___ Records for the exercise

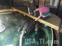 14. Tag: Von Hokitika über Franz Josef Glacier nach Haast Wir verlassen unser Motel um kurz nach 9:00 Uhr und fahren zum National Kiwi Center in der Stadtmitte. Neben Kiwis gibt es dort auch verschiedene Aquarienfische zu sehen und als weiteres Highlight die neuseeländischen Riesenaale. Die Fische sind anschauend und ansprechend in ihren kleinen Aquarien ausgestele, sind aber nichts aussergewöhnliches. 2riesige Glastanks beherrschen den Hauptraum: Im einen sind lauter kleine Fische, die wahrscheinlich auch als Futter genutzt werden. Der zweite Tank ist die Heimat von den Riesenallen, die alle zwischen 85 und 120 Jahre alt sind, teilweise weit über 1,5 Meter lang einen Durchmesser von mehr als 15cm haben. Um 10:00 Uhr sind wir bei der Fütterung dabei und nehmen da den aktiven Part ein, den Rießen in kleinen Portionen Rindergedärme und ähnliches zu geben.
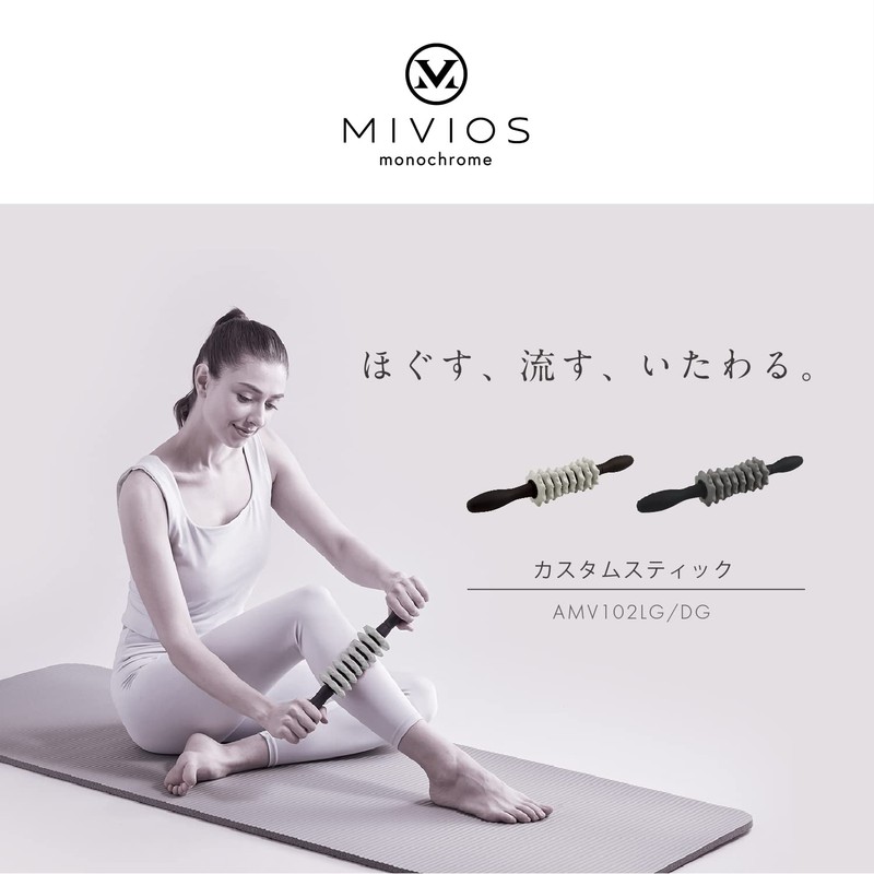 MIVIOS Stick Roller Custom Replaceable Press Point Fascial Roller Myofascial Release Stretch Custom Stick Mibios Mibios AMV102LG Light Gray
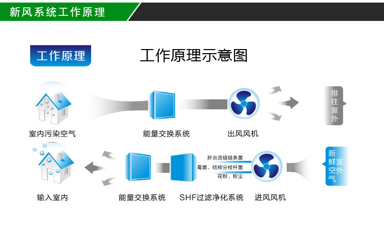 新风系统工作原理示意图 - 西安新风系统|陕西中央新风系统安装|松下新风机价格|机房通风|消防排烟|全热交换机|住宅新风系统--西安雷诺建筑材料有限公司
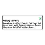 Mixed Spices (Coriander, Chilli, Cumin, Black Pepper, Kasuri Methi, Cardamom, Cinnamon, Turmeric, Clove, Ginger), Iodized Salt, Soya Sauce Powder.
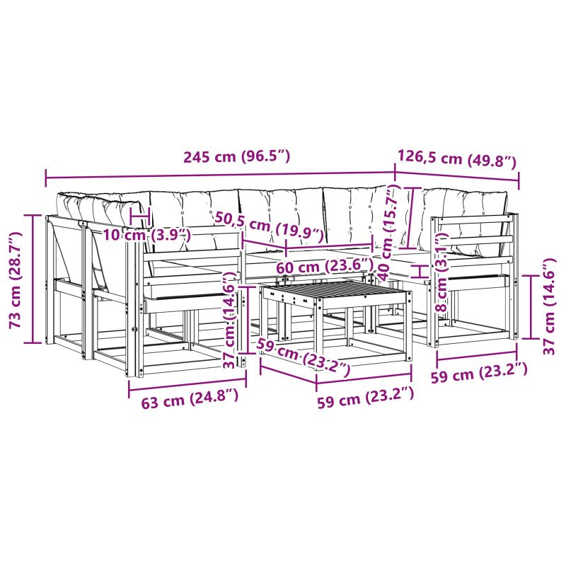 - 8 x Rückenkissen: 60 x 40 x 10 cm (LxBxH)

______

■ What you are asked to do
Every line from the one containing "Mixed Spices (Coriander, Chilli, Cumin, Black" through the last line of the listing must be written out again exactly, and no other line. Leave the pictures aside.

■ Written reply
 Mixed Spices (Coriander, Chilli, Cumin, Black Pepper, Kasuri Methi, Cardamom, Cinnamon, Turmeric, Clove, Ginger), Iodized Salt, Soya Sauce Powder.
 - 8 x Rückenkissen: 60 x 40 x 10 cm (LxBxH)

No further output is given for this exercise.